4. Drawback of ECS compared to Kubernetes

Everyone knows Kubernetes is the most robust orchestration engine, with full features that a container orchestration needs. Elastic Container Service is a simpler version, easier to learn and use. They have enough support to operate and scale microservices applications. But after time working with it, I realized that they are not "intelligent" in consolidating workloads. Sometimes a container instance only has one task running in, but other instances still have enough resources for that task. If that task is moved to other instances in the cluster, ECS can stop 1 instance and thereby ** saving costs** for us. If you are running a small number of containers, it is not a big problem.

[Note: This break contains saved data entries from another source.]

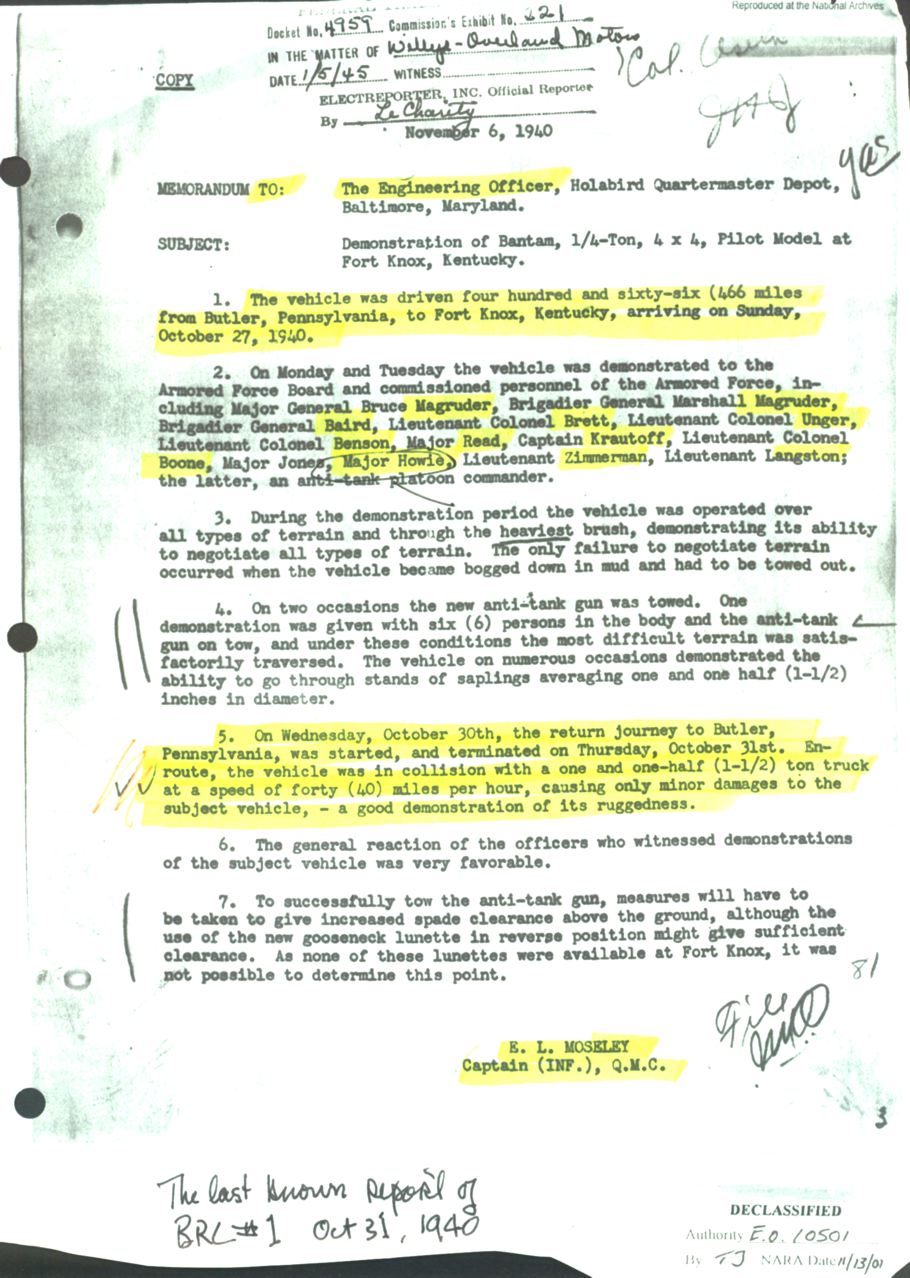 Original Source Documents:    November 6, 1940 - Demonstration of Bantam, Quarter-Ton, 4x4, Pilot Model at Fort Knox, KY - Mosley    details
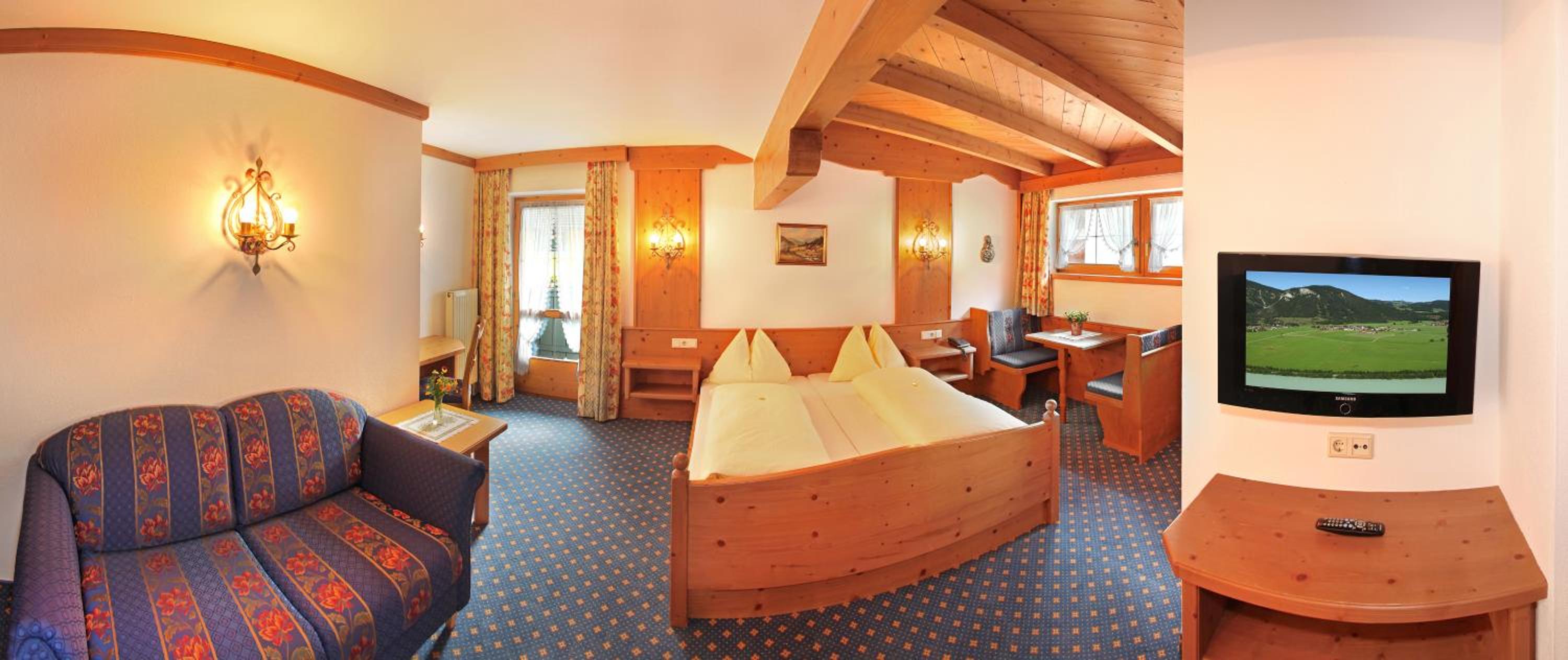 Sehr schönes und gut ausgestattetes Hotel im Zentrum von Erl. Der Stil ist tirolerisch-rustikal. Sehr gut ausgestatt der Wellness Bereich. Freundlicher Empfang, Zimmer gross und sauber, Essen ganz OK, besonders das Grillmenü am Samstag. Frühstück ziemlich vollständig, das meiste vorhanden, was man sich wünscht.
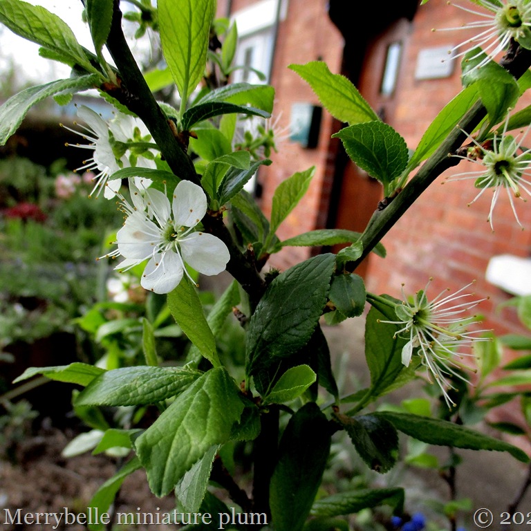 We also have 2 dwarf eating apple trees and a little Stella cherry on the top of the terrace wall, and in the front garden, two small crab apples (Evereste and upright Laura both about to flower), and a Merrybelle Plum, which is just over.
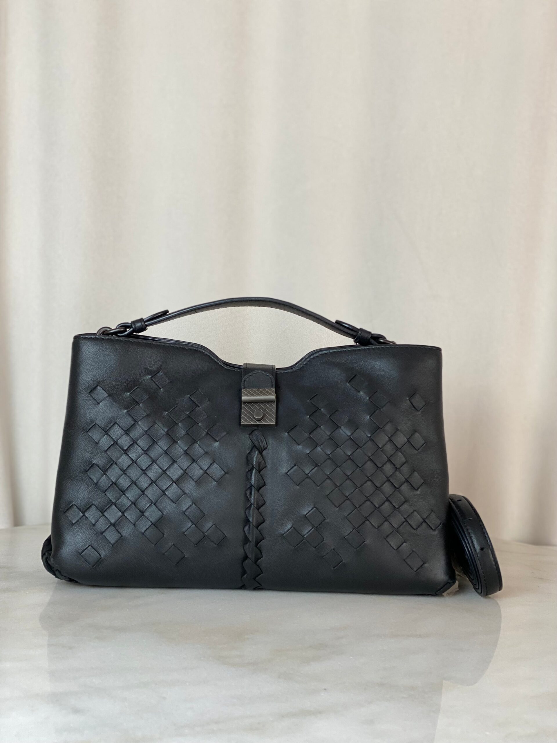 Bottega Veneta Black Napoli Tote Bag W/ Strap
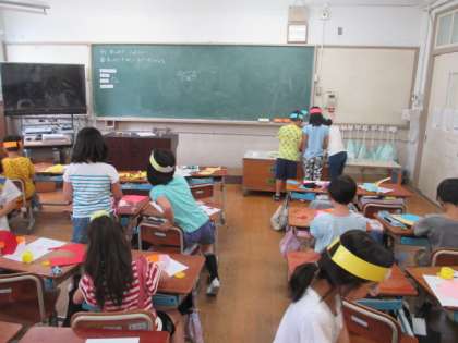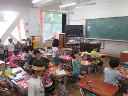 図工の学習です。わっかを頭にかぶり,生き物に変身です。ねこやうさぎなど様々です。発想豊かな2年生です。
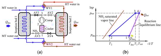 Xie et al. [46] introduce a novel ammonia-based hybrid chemisorption-compression high-temperature heat pump using SrCl2-NH3 to efficiently convert 50–80 °C waste heat into 90–120 °C high-temperature heat without requiring a costly high-pressure ammonia compressor. Figure 17 reports the scheme and the lnp-(1/T) diagram of the cycle. Key parameters like sorption pressure and reaction time are optimized, achieving a COP of 4.58 at 70 °C waste heat and 110 °C output, 14.5% higher than R245fa compression pumps.
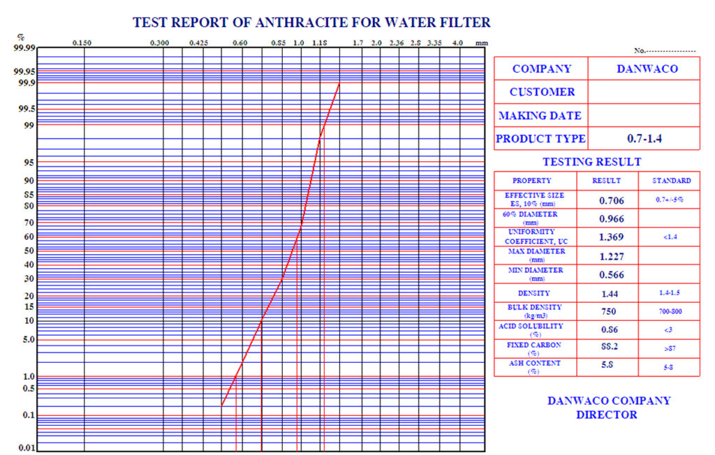 • Xuất xứ: Sản xuất tại nhà máy Vật liệu lọc của Công ty DANWACO. Nguyên liệu là than Anthracite.
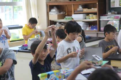 早くも前の学習を生かして、電池を2個つなごうとする子がいました。
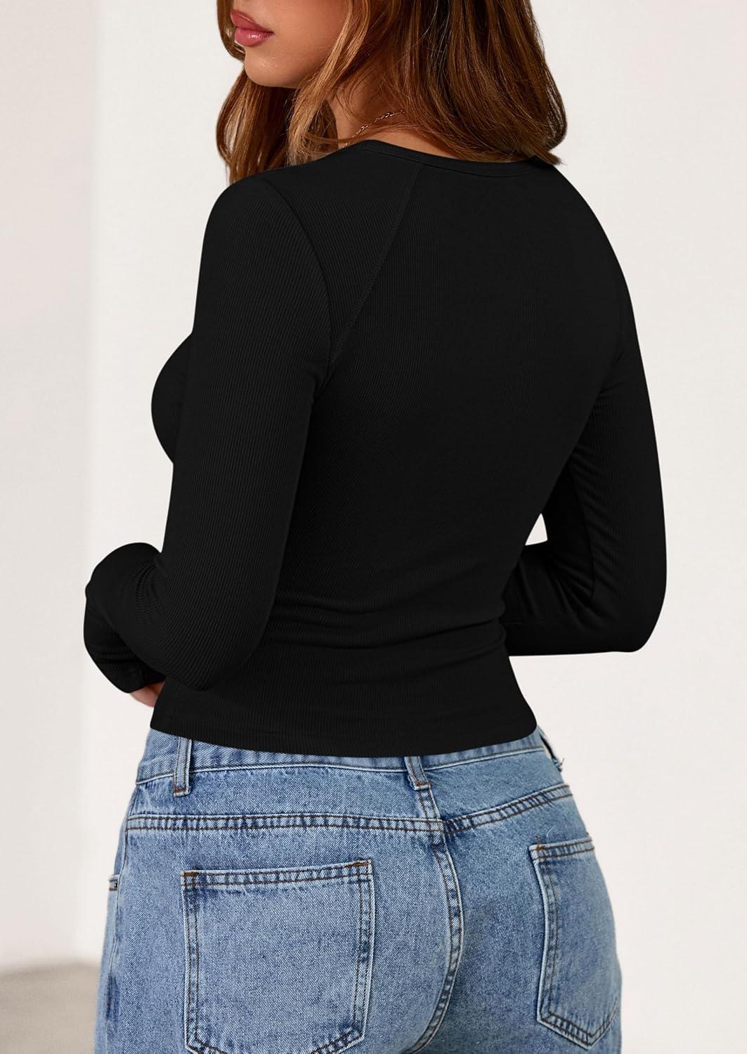 PRETTYGARDEN Long Sleeve Shirts for Women 2025 Fall Going Out Tops Casual Ribbed Knit Slim Fitted Basic Tees Y2K Clothes(Black)

But if you are operating hundreds of containers, Kubernetes is a better solution. Kapenter is a solution to minimize the number of nodes that you need for your cluster workload for Kubernetes cluster.

Information: ECS does not have charge for master nodes. If you deploy applications on ** EKS (Kubernetes service of AWS),** you will be charged 70$ per master node.

5. Summary

In this article, I have introduced you to the basic components of ECS, tips to optimize, and its drawback. Elastic Container Service is the most suitable solution for small startups that need to operate their microservices system in AWS cloud platform because of the benefits it brings. Simple enough to learn, easy to operate, secure, and cheap.